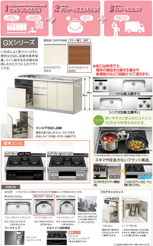 GXは、ホワイトゼブラ(GXI)とライトウォルナット(GXC)の扉カラー2種類ございます。
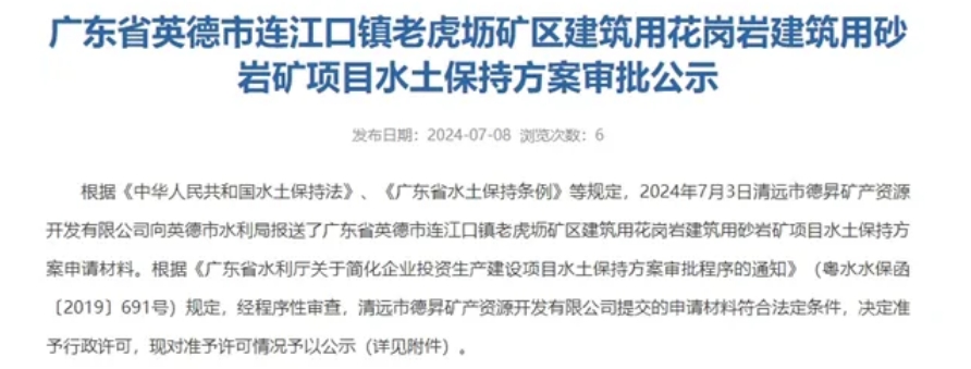 2024年7月8日,廣東清遠英德市水利局發(fā)布廣東英德連江口鎮(zhèn)老虎壢礦區(qū)建筑用花崗巖建筑用砂巖礦項目水土保持方案通過審批公告。該項目總投資5.64億元,設(shè)計總生產(chǎn)規(guī)模320萬方/年,施工工期6個月,建設(shè)單位為清遠市德昇礦產(chǎn)資源開發(fā)有限公司。
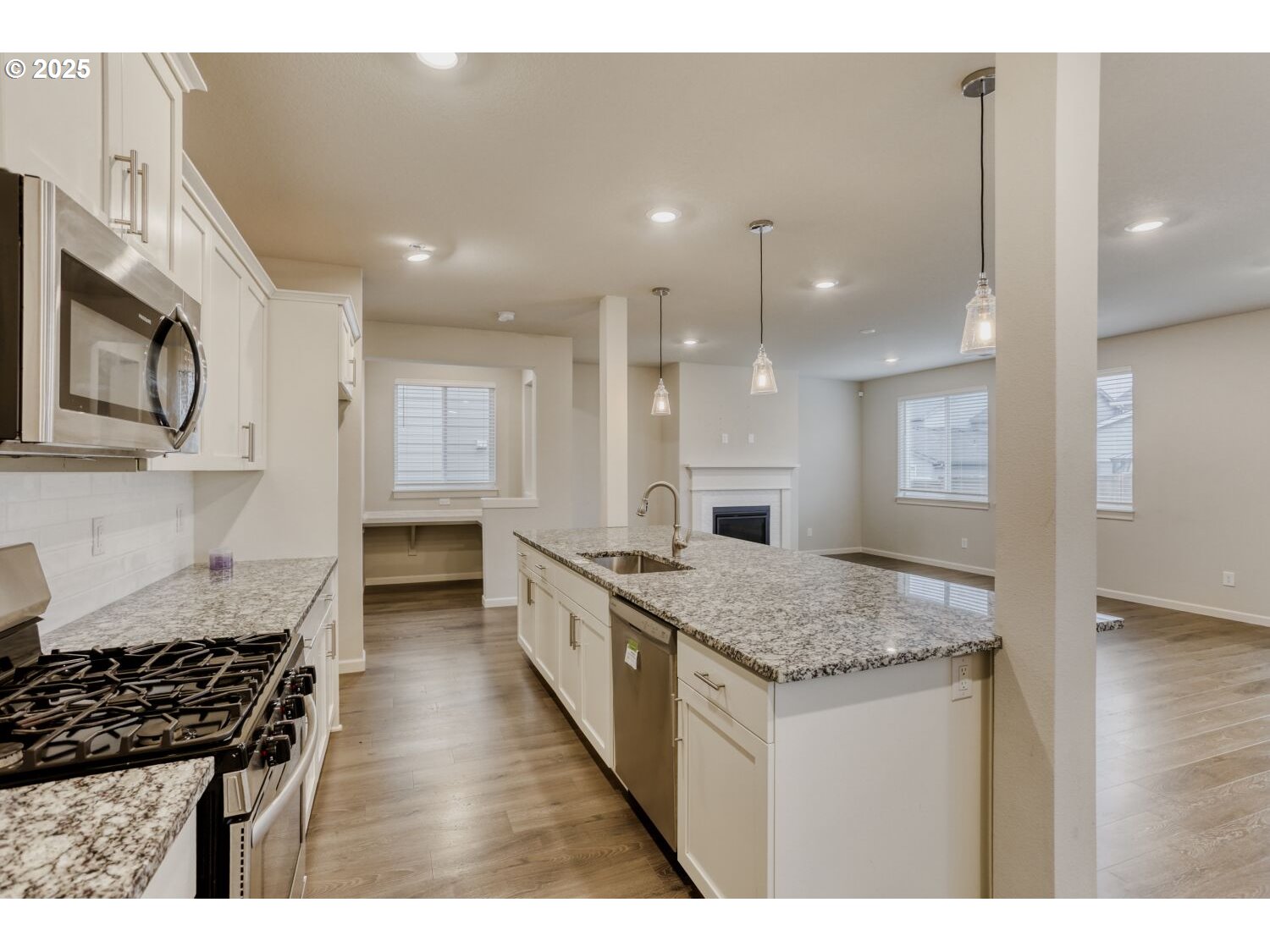 Well-located home in an established Gresham neighborhood with convenient access to shopping, dining, parks, schools, and major commuter routes. The functional floor plan offers comfortable living spaces with good natural light and flexible room configurations. The open-concept kitchen and living room create an inviting main level, featuring a beautiful kitchen with ample storage, a cozy fireplace for those chilly PNW nights, and a built-in desk just off the living area—perfect for work or study. A half bath is conveniently located on the main floor. Upstairs, the primary bedroom features an ensuite bath with soaking tub and separate shower. Two additional bedrooms share a Jack-and-Jill bathroom with hall access. Situated on a manageable lot with outdoor space, offering a comfortable setting close to schools and everyday conveniences.
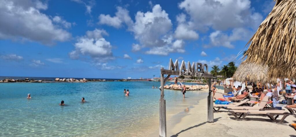 Desde allí nos dirigimos a la cercana playa de Mambo Beach, llena de cruceristas, donde nos damos un baño y paseamos por sus tiendas e instalaciones. Es una playa sin ningún tipo de interés especial que solo destaca por su masificación, era una visita prescindible.
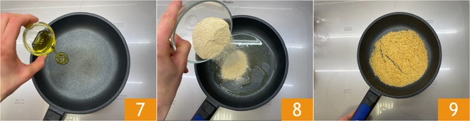 En una sartén calentad el aceite 7, luego añadid el pan rallado 8 y tostádlo hasta que esté dorado 9.
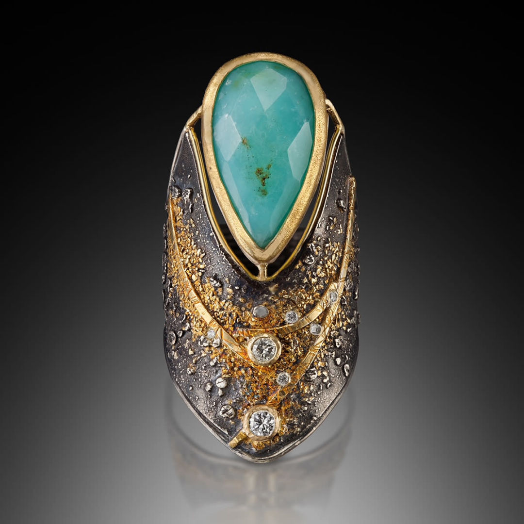 The alchemy of metalworking brings together makers of fine jewelry, metalsmiths, and metal sculptors via the Creative Metal Arts Guild (CMAG). What all of these artists share in common is the love of transforming metal through shaping, heating, bending, and hammering metal to forge and fabricate their work. Where they differ is the types of metal and/or stone they use, as well as their design style, forging process, and the types of masterpieces they create. Even though the materials and heat used may be the same, each metal artist brings their own personal inspiration and creative expression to the transformation process.
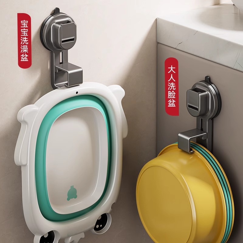 吸盘脸盆挂钩盆子收纳架卫生间置物架厕所浴盆免打孔浴室挂盆神器
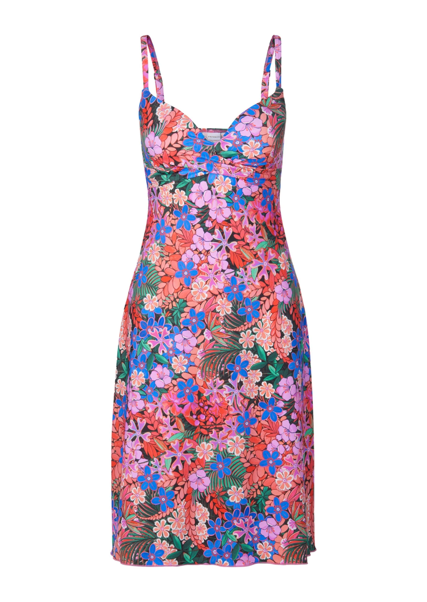 An Hitzetagen gibt es keinen schöneren Begleiter als das Trägerkleid mit buntem Blütenprint. Jedes Modell ein Unikat. Das Büstenteil mit Drapierung und Softcups zaubert ein feminines Dekolleté. Die Qualität mit Stretch-Anteil macht das Kleid trageangenehm. In leicht ausgestellter Form mit verstellbaren Trägern. Dieser Artikel wurde aufgrund des Einsatzes von recyceltem Material ressourcenschonend produziert.

### [EXERCISE]
Without the pictures, copy all of the entries exactly as they appear.

### [ANSWER BOX]
 GXは、ホワイトゼブラ(GXI)とライトウォルナット(GXC)の扉カラー2種類ございます。
 2024年7月8日,廣東清遠英德市水利局發(fā)布廣東英德連江口鎮(zhèn)老虎壢礦區(qū)建筑用花崗巖建筑用砂巖礦項目水土保持方案通過審批公告。該項目總投資5.64億元,設(shè)計總生產(chǎn)規(guī)模320萬方/年,施工工期6個月,建設(shè)單位為清遠市德昇礦產(chǎn)資源開發(fā)有限公司。
 Well-located home in an established Gresham neighborhood with convenient access to shopping, dining, parks, schools, and major commuter routes. The functional floor plan offers comfortable living spaces with good natural light and flexible room configurations. The open-concept kitchen and living room create an inviting main level, featuring a beautiful kitchen with ample storage, a cozy fireplace for those chilly PNW nights, and a built-in desk just off the living area—perfect for work or study. A half bath is conveniently located on the main floor. Upstairs, the primary bedroom features an ensuite bath with soaking tub and separate shower. Two additional bedrooms share a Jack-and-Jill bathroom with hall access. Situated on a manageable lot with outdoor space, offering a comfortable setting close to schools and everyday conveniences.
 Desde allí nos dirigimos a la cercana playa de Mambo Beach, llena de cruceristas, donde nos damos un baño y paseamos por sus tiendas e instalaciones. Es una playa sin ningún tipo de interés especial que solo destaca por su masificación, era una visita prescindible.
 En una sartén calentad el aceite 7, luego añadid el pan rallado 8 y tostádlo hasta que esté dorado 9.
 The alchemy of metalworking brings together makers of fine jewelry, metalsmiths, and metal sculptors via the Creative Metal Arts Guild (CMAG). What all of these artists share in common is the love of transforming metal through shaping, heating, bending, and hammering metal to forge and fabricate their work. Where they differ is the types of metal and/or stone they use, as well as their design style, forging process, and the types of masterpieces they create. Even though the materials and heat used may be the same, each metal artist brings their own personal inspiration and creative expression to the transformation process.
 吸盘脸盆挂钩盆子收纳架卫生间置物架厕所浴盆免打孔浴室挂盆神器
 An Hitzetagen gibt es keinen schöneren Begleiter als das Trägerkleid mit buntem Blütenprint. Jedes Modell ein Unikat. Das Büstenteil mit Drapierung und Softcups zaubert ein feminines Dekolleté. Die Qualität mit Stretch-Anteil macht das Kleid trageangenehm. In leicht ausgestellter Form mit verstellbaren Trägern. Dieser Artikel wurde aufgrund des Einsatzes von recyceltem Material ressourcenschonend produziert.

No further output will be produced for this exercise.